→ WORK REQUIRED
The records that follow need to be printed exactly. Leave out each image.

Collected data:
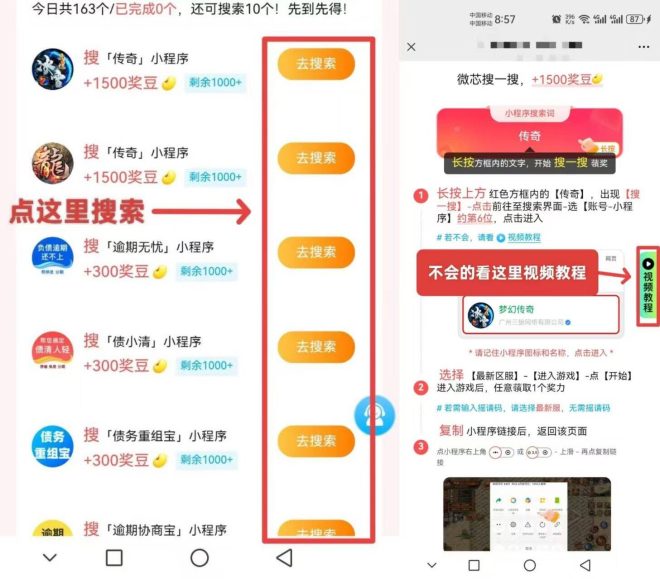搜一搜是最近复活的低门槛撸低保渠道,通过完成平台内的搜索任务获取收益,操作流程简单,耗时短,随手点几下就能出结果,适合碎片时间操作。
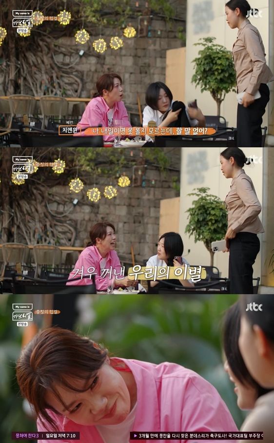 염혜란은 언니들과 함께 카메라가 없는 화장실로 향해 "내가 카메라 앞에서 우는 게 싫어가지고 제대로 말을 못 하겠다. 너무 잘해줘서 고마웠다. 힘든 상황일 텐데 잘해줘서 고맙다는 얘기를 하고 싶다"라고 말했다.
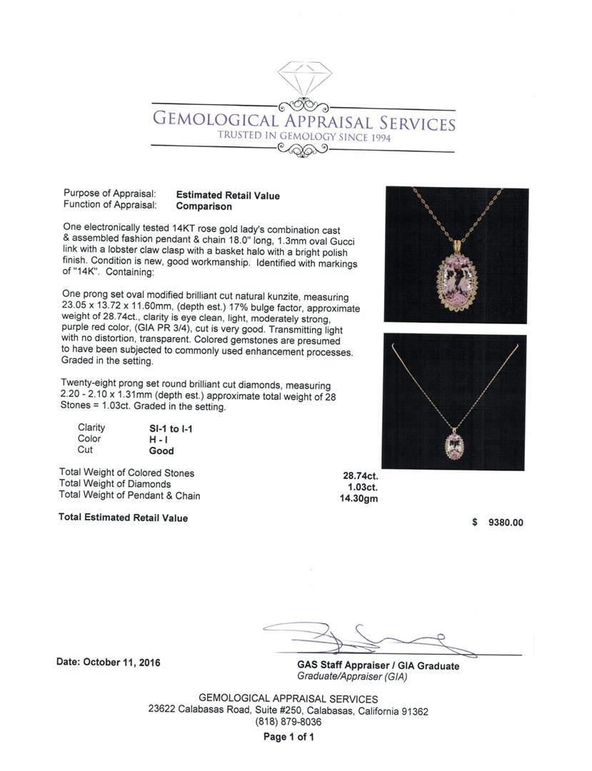 One electronically tested 14KT rose gold lady's combination cast & assembled fashion pendant & chain 18.0' long, 1.3mm oval Gucci link with a lobster claw clasp with a basket halo with a bright polish finish. Identified with markings of '14K'. Condition is new, good workmanship. Containing: One prong set oval modified brilliant cut natural kunzite, measuring 23.05 x 13.72 x 11.60mm, (depth est.) 17%. bulge factor, approximate weight of 28.74ct., clarity is eye clean, light, moderately strong, purple red color, (GIA PR 3/4), cut is very good. Transmitting light with no distortion, transparent. Colored gemstones are presumed to have been subjected to commonly used enhancement processes. Graded in the setting. Twenty-Eight prong set round brilliant cut diamonds, measuring 2.20 - 2.10 x 1.31mm (depth est.) approximate total weight of 28 Stones = 1.03ct. Graded in the setting. Clarity SI-1 to I-1. Color: H - I Cut Good. Total Weight of Colored Stones 28.74ct.. Total Weight of Diamonds 1.03ct.. Total Weight of Pendant & Chain 14.30gm. GAS Appraised.
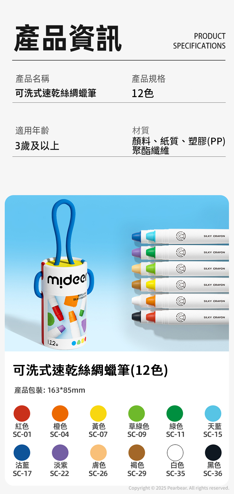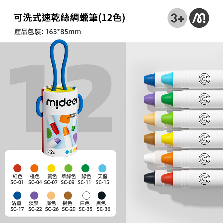 MiDeer 可洗式速乾絲綢蠟筆 (12色)
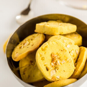 These Kaju Pista Cookies are hugely popular in India. They are eggless and made with pistachios, cashews and flavored with cardamom powder. They are so good with a cup of chai and also perfect for giving as gift!
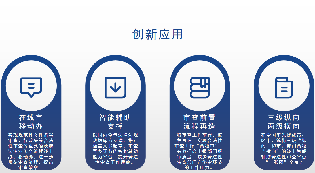 依托各业务领域的标准规范及工作指引,实现文件在线送审、审查流程再造,从源头上规范送审内容,实现线上“统一受理”,将审查流程前置,实现市、区市、镇街三级的“在线智能审”,达成合法性审查线上“统一受理、全程网办”,实现各级审查的免跑腿。
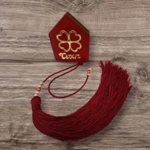 Επιτραπέζιο Χριστουγεννιάτικο διακοσμητικό Σπιτάκι από πλέξιγκαλ, με σχέδιο τετράφυλλο τριφύλλι και μακριά εντυπωσιακή φούντα.
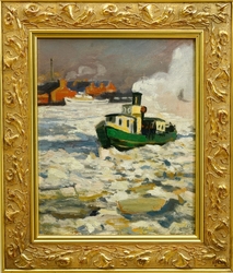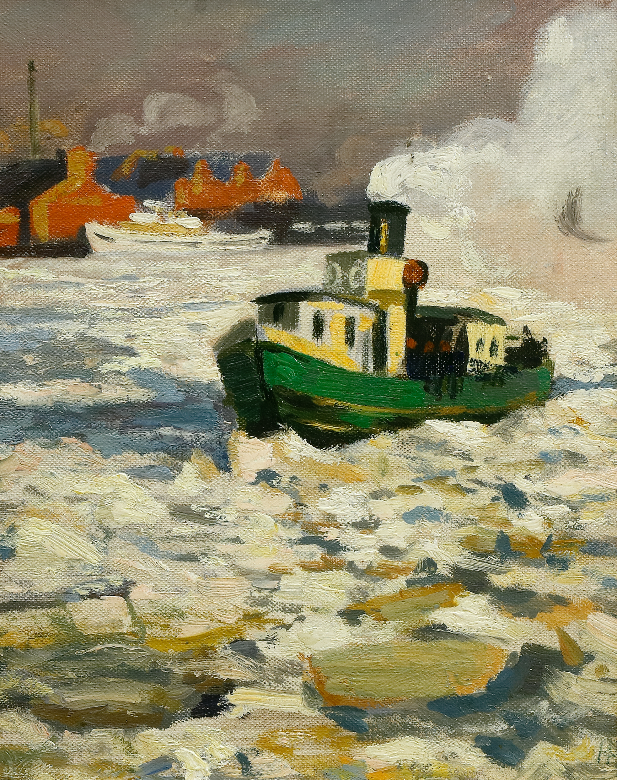 Hamburg: Wintermorgen im Hafen (Schlepper). Öl auf Leinwand auf Malkarton. 30 x 24,3 cm. Rechts unten monogrammiert. Gerahmt. - Das Gemälde ist in Hans Hartigs Verkaufsbuch unter der Nr. 1747 gelistet und wurde am 5. 3. 1930 für RM 75 verkauft. (1071-4)
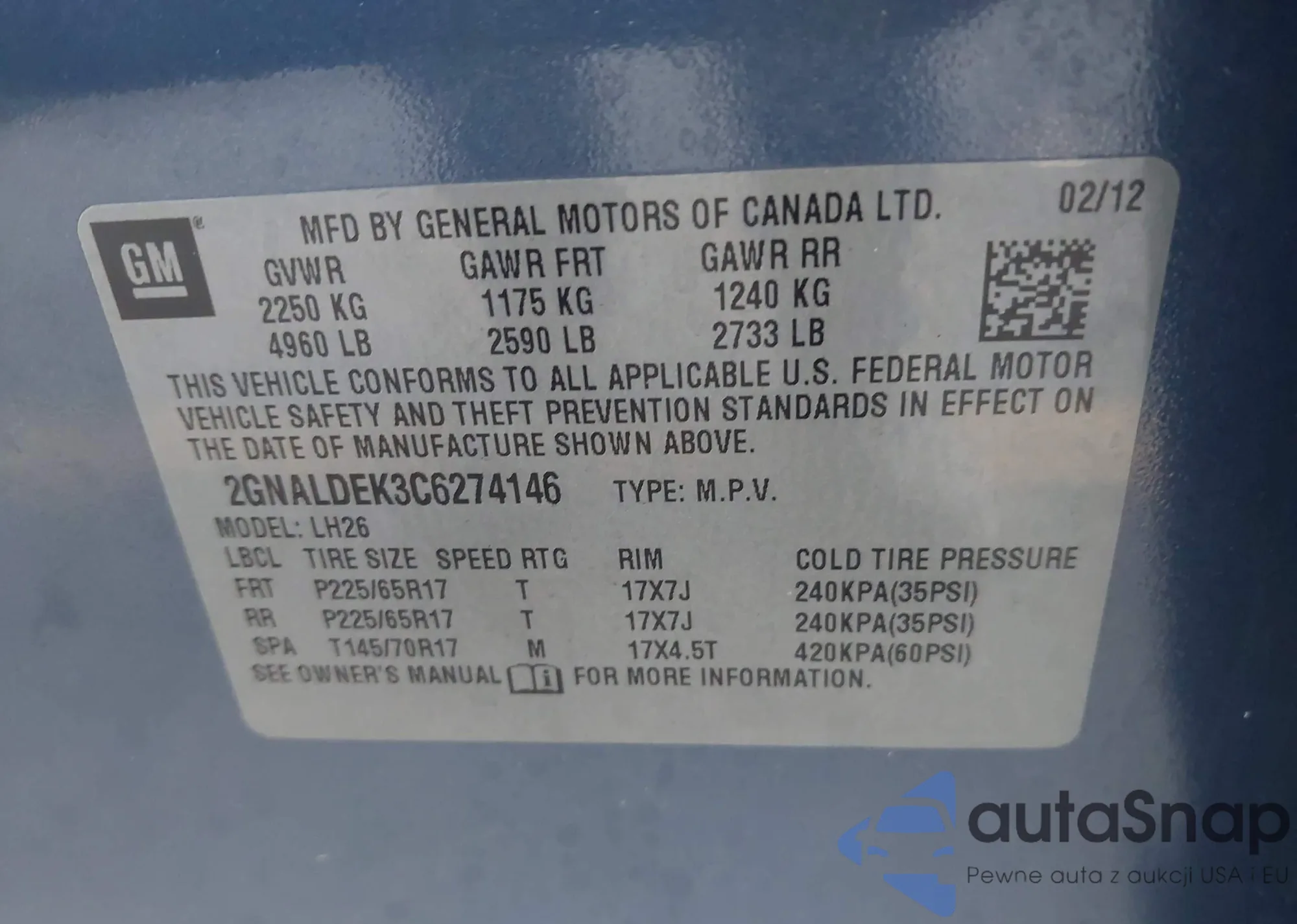 • VIN 2GNALDEK3C6274146
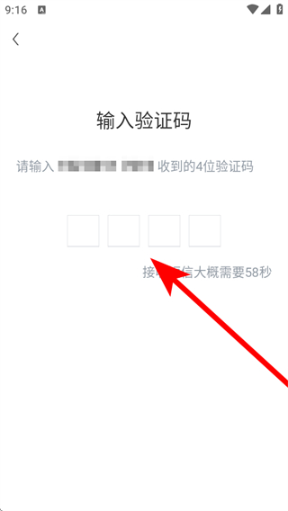 3、进入输入验证码页面,输入收到的4位短信验证码。

→ EXERCISE SOLUTION
搜一搜是最近复活的低门槛撸低保渠道,通过完成平台内的搜索任务获取收益,操作流程简单,耗时短,随手点几下就能出结果,适合碎片时间操作。
 염혜란은 언니들과 함께 카메라가 없는 화장실로 향해 "내가 카메라 앞에서 우는 게 싫어가지고 제대로 말을 못 하겠다. 너무 잘해줘서 고마웠다. 힘든 상황일 텐데 잘해줘서 고맙다는 얘기를 하고 싶다"라고 말했다.
 One electronically tested 14KT rose gold lady's combination cast & assembled fashion pendant & chain 18.0' long, 1.3mm oval Gucci link with a lobster claw clasp with a basket halo with a bright polish finish. Identified with markings of '14K'. Condition is new, good workmanship. Containing: One prong set oval modified brilliant cut natural kunzite, measuring 23.05 x 13.72 x 11.60mm, (depth est.) 17%. bulge factor, approximate weight of 28.74ct., clarity is eye clean, light, moderately strong, purple red color, (GIA PR 3/4), cut is very good. Transmitting light with no distortion, transparent. Colored gemstones are presumed to have been subjected to commonly used enhancement processes. Graded in the setting. Twenty-Eight prong set round brilliant cut diamonds, measuring 2.20 - 2.10 x 1.31mm (depth est.) approximate total weight of 28 Stones = 1.03ct. Graded in the setting. Clarity SI-1 to I-1. Color: H - I Cut Good. Total Weight of Colored Stones 28.74ct.. Total Weight of Diamonds 1.03ct.. Total Weight of Pendant & Chain 14.30gm. GAS Appraised.
 MiDeer 可洗式速乾絲綢蠟筆 (12色)
 These Kaju Pista Cookies are hugely popular in India. They are eggless and made with pistachios, cashews and flavored with cardamom powder. They are so good with a cup of chai and also perfect for giving as gift!
 依托各业务领域的标准规范及工作指引,实现文件在线送审、审查流程再造,从源头上规范送审内容,实现线上“统一受理”,将审查流程前置,实现市、区市、镇街三级的“在线智能审”,达成合法性审查线上“统一受理、全程网办”,实现各级审查的免跑腿。
 Επιτραπέζιο Χριστουγεννιάτικο διακοσμητικό Σπιτάκι από πλέξιγκαλ, με σχέδιο τετράφυλλο τριφύλλι και μακριά εντυπωσιακή φούντα.
 Hamburg: Wintermorgen im Hafen (Schlepper). Öl auf Leinwand auf Malkarton. 30 x 24,3 cm. Rechts unten monogrammiert. Gerahmt. - Das Gemälde ist in Hans Hartigs Verkaufsbuch unter der Nr. 1747 gelistet und wurde am 5. 3. 1930 für RM 75 verkauft. (1071-4)
 • VIN 2GNALDEK3C6274146
 3、进入输入验证码页面,输入收到的4位短信验证码。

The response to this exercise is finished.